Acossada por sintomas de uma doença não identificada, uma típica dona-de-casa americana (Juliane Moore) descobre-se com alergia a vida urbana. Uma comunidade New Age longe de toda convivência social e “sujeira” da cidade torna-se a solução para o seu problema. Em um clima claustrofóbico e sufocante vemos a sua busca pela cura, filmados de forma estéril e fria, nos remetendo a um curioso meio-termo entre Kubrick e um melodrama de Fassbinder.
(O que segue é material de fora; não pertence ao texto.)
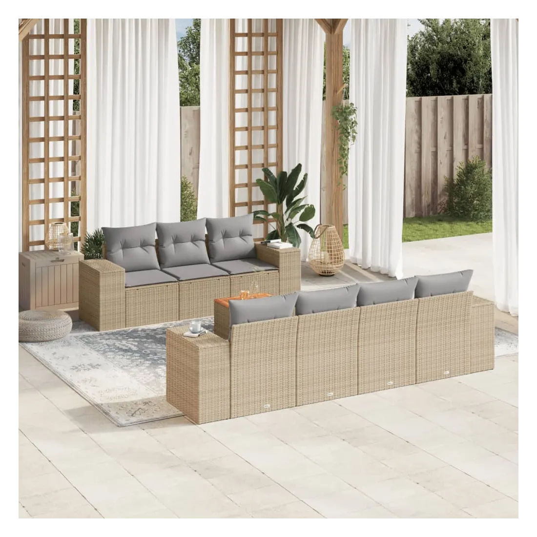 Cet ensemble de canapés de jardin est le complément parfait de votre arrière-cour, terrasse ou patio, offrant un espace confortable et accueillant pour discuter avec la famille et les amis ou simplement se détendre et profiter de l'extérieur. Matériau durable : la résine tressée, également connue sous le nom de poly rotin, est un matériau synthétique solide et nécessitant peu d'entretien qui ressemble au rotin naturel. Il est léger, facile à nettoyer et couramment utilisé pour les meubles d'extérieur en raison de sa durabilité et de ses propriétés de résistance aux intempéries. Fonction de rangement avec sac résistant à l'eau : chaque siège de jardin dispose d'un espace de rangement sous l'assise, complété par un sac résistant à l'eau pour ranger les coussins, les jouets et d'autres objets. Les sacs intérieurs sont dotés d'un couvercle et peuvent être solidement fixés aux sièges à l'aide de bandes auto-agrippantes pour plus de stabilité. Dessus stable et facile à nettoyer : cette table de jardin a un dessus en bois d'acacia robuste, durable et facile à nettoyer avec un chiffon humide. Expérience d'assise confortable : ce mobilier d'extérieur, doté de coussins épais, offre une expérience d'assise confortable. Conception modulaire : cet ensemble de meubles d'extérieur a une conception modulaire, ce qui le rend complètement flexible et facile à déplacer, afin que vous puissiez créer un agencement de meubles d'extérieur personnalisé. Bon à savoir :Pour que vos meubles d'extérieur restent beaux, nous vous recommandons de les protéger avec une housse imperméable.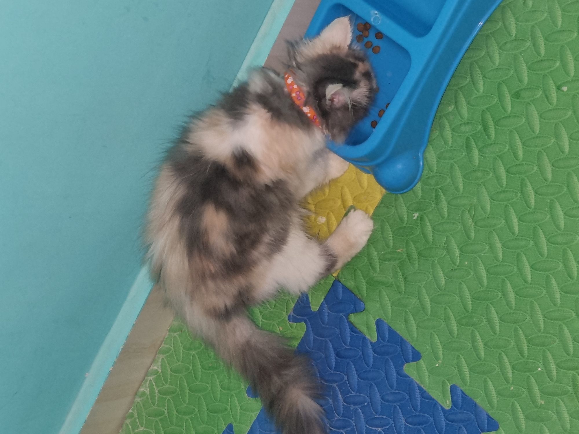 قطة منفوشة جدًا (Fluffy) بفرو كثيف وناعم جسمها متوسط إلى ممتلئ، مديها شكل “دبدوب صغير” 🧸 ذيلها طويل وكثيف بشكل جميل لونها ثلاثي هادئ (كاليكو فاتح) خليط من: أبيض ناصع (مسيطر) رمادي هادي لمسات كريمي/برتقالي فاتح 👉 مديها شكل راقي ومميز جدًا حنينة وبتحب الدلع ❤️ متعودة على الحمل واللعب مع الأطفال هادية مش عدوانية متطعمة كل التطعيمات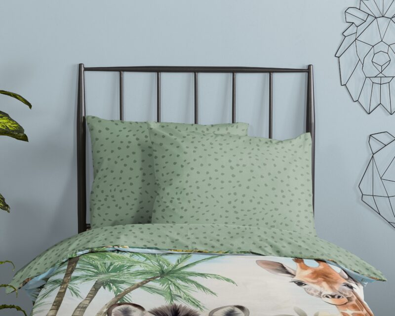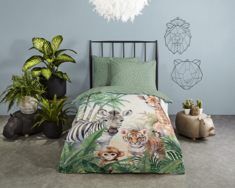 Kinderdekbedovertrek “Thabo” van Good Morning met jungle dieren, in de kleur “Multi” is gemaakt van 100% katoen. Deze kwaliteit is ademend, vochtabsorberend en voelt zacht en soepel aan. Dit leuke kinderdekbedovertrek is een toevoeging aan iedere kinderkamer en is geschikt voor ieder jaargetijde. Het katoenen dekbedovertrek is heerlijk koel in de zomer en geeft warmte in de winter.

Haynes faz de “A Salvo” um estranho filme de terror sobre a falta de desejo da era da comida diet e dos livros de auto-ajuda. De sobra, uma implacável crítica ao modo de vida formatado da sociedade americana e de sua paranóia. No que em filmes como “Beleza Americana” e “Tiros em Columbine” não encontramos de nenhuma modo, em “A salvo” nos salta aos olhos: uma crítica inteligente e sutil com espantável rigor estético.

  • “A Salvo” (“Safe”, EUA, 1995) – 119 min. Direção e roteiro: Todd Haynes. Com: Juliane Moore, Peter Friedman, Xender Berkley e Kate McGregor Stewart

Total: 1h59 min.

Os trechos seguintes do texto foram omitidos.